→ **Task instructions**:
Would you please return the data below verbatim, without its pictures?

[Stored items from a collection]
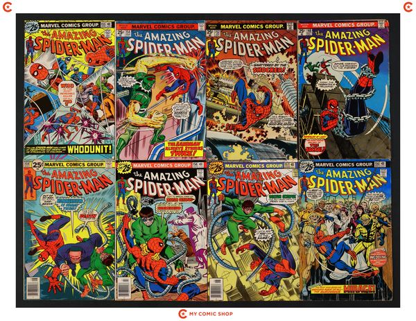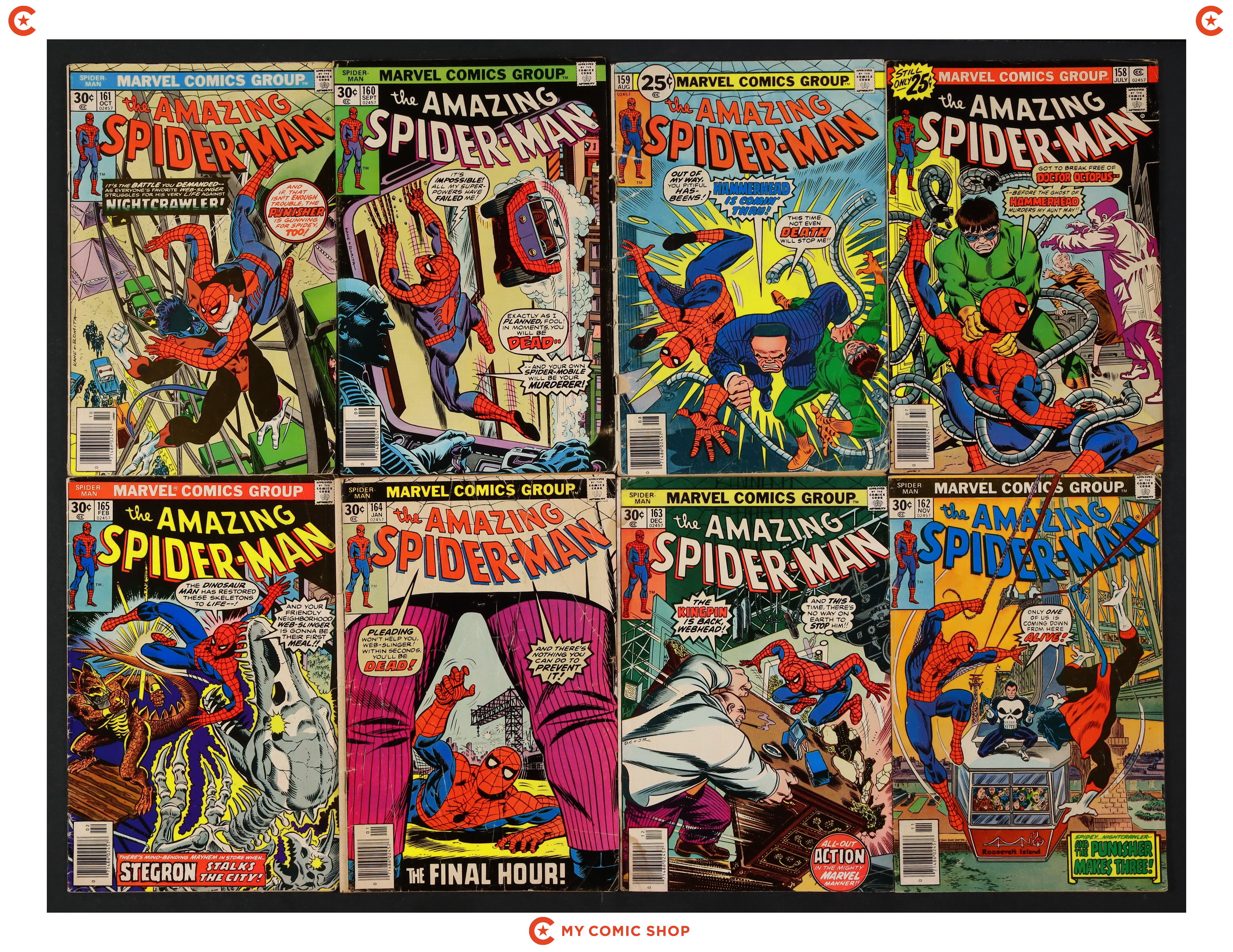 Issues 158, 160-165 of Amazing Spider-Man (1963 1st Series); plus Mark Jewelers variant 159MJ. Most will grade in the FR/GD to GD/VG range.
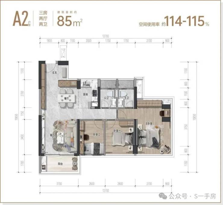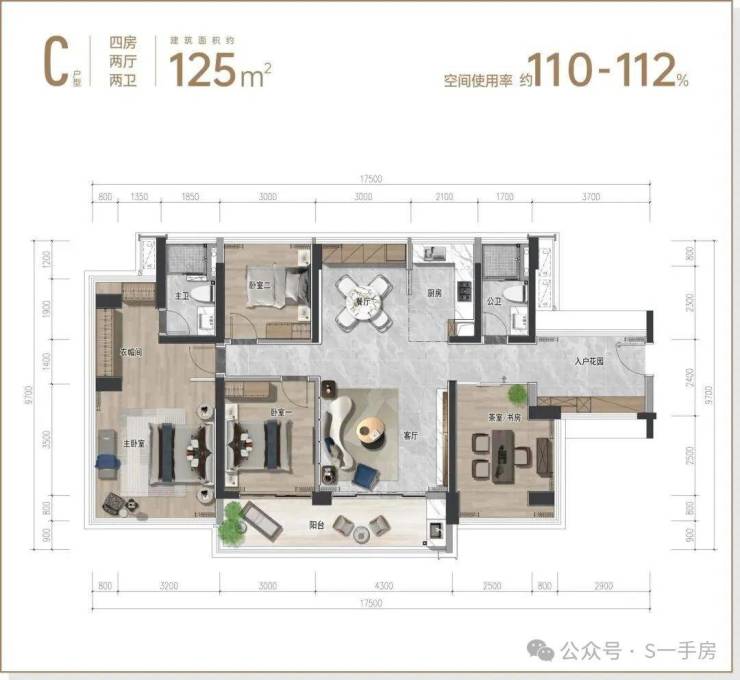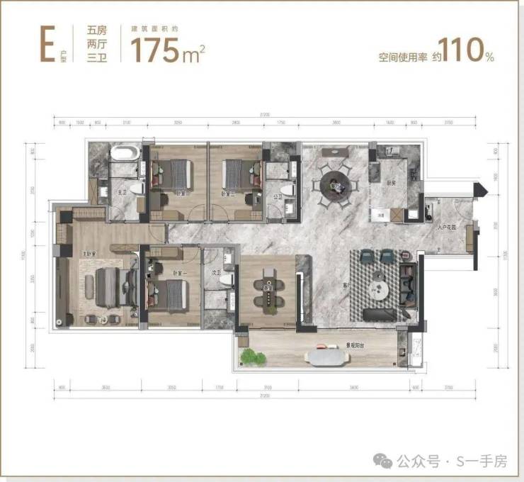 产品面积段:建面约85㎡-175㎡高得房率奢阔三至五房 新规好宅
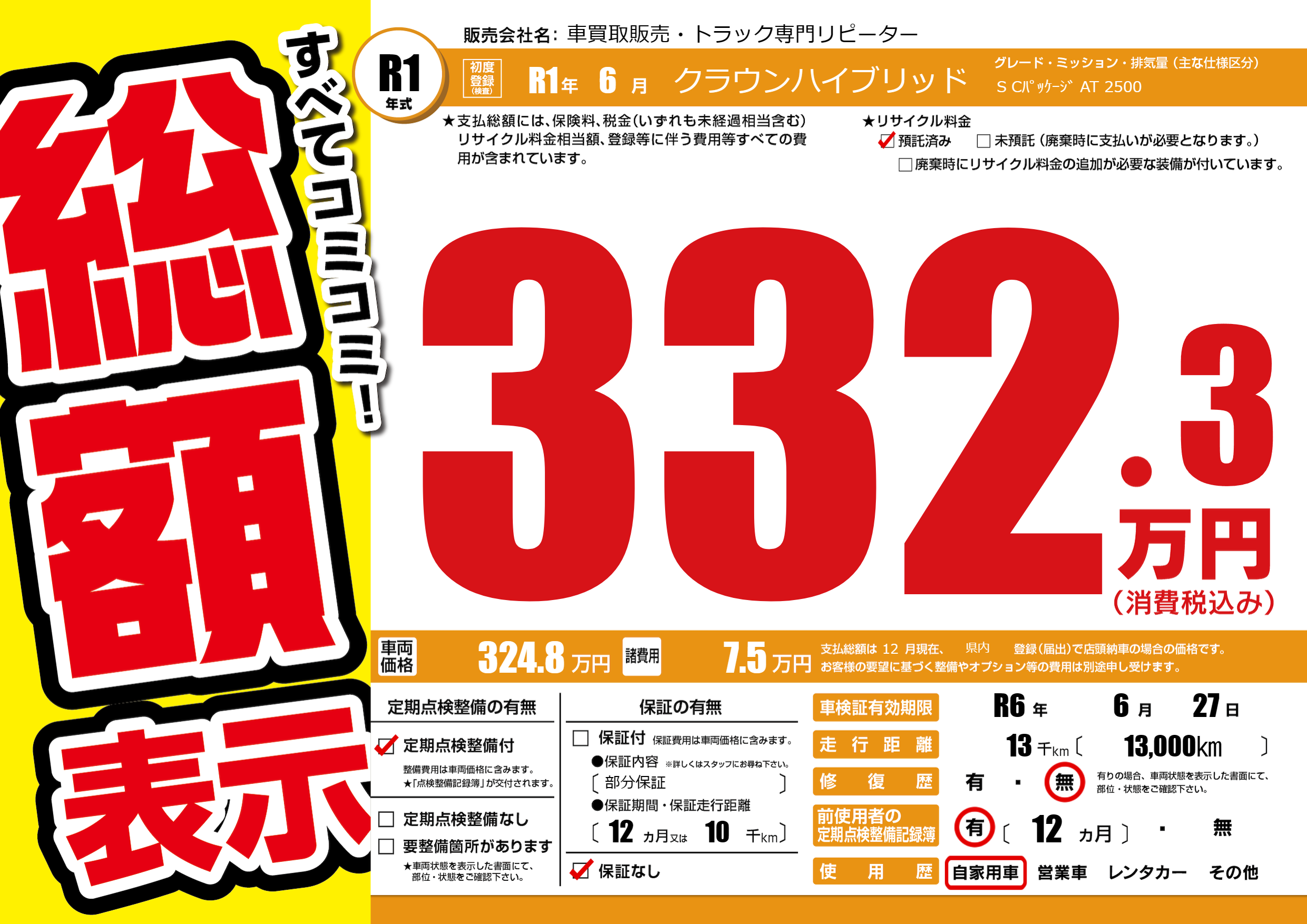 | 車名 | クラウンハイブリッド | グレード ミッション 排気量 |
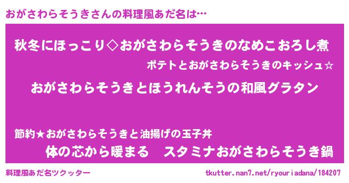 | 欧米人風あだ名 | 『トリンドルおがさわらそうき』 |
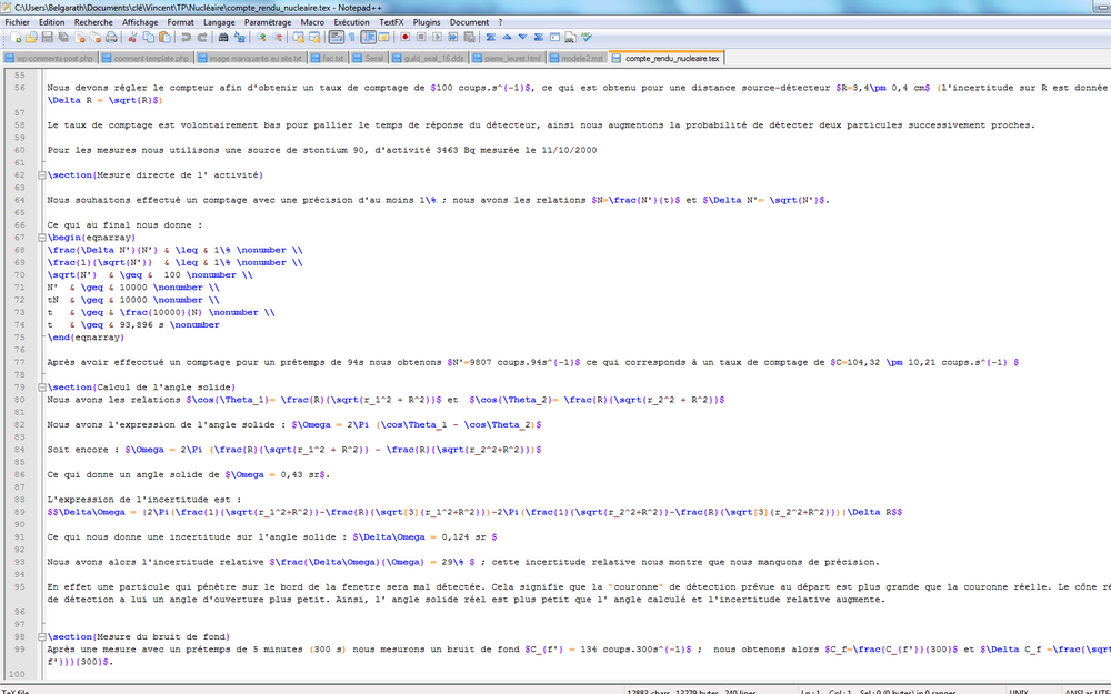 Comme dit ci-dessus, vous pouvez choisir de ne pas utiliser d'éditeur LaTeX et d’employer à la place un éditeur de type Bloc-notes, ou de faire usage d’outils de coloration de texte plus évolués. Les éditeurs LaTeX colorent le code (ce qui le rend beaucoup plus lisible) et vous permettent, via des raccourcis et des fenêtres vous informant des bugs, de faciliter la production de documents. De la figure suivante à la figure suivante, vous pouvez voir le même code, tapé respectivement dans un éditeur de texte simple (Bloc-notes), dans un éditeur de texte avec coloration (Notepad++, avec lequel les habitués de la programmation web auront sûrement beaucoup d'affinités) et pour finir, dans un éditeur LaTeX (TeXnicCenter).

→ **Answer space**:
 Issues 158, 160-165 of Amazing Spider-Man (1963 1st Series); plus Mark Jewelers variant 159MJ. Most will grade in the FR/GD to GD/VG range.
 产品面积段:建面约85㎡-175㎡高得房率奢阔三至五房 新规好宅
 | 車名 | クラウンハイブリッド | グレード ミッション 排気量 |
 | 欧米人風あだ名 | 『トリンドルおがさわらそうき』 |
 Comme dit ci-dessus, vous pouvez choisir de ne pas utiliser d'éditeur LaTeX et d’employer à la place un éditeur de type Bloc-notes, ou de faire usage d’outils de coloration de texte plus évolués. Les éditeurs LaTeX colorent le code (ce qui le rend beaucoup plus lisible) et vous permettent, via des raccourcis et des fenêtres vous informant des bugs, de faciliter la production de documents. De la figure suivante à la figure suivante, vous pouvez voir le même code, tapé respectivement dans un éditeur de texte simple (Bloc-notes), dans un éditeur de texte avec coloration (Notepad++, avec lequel les habitués de la programmation web auront sûrement beaucoup d'affinités) et pour finir, dans un éditeur LaTeX (TeXnicCenter).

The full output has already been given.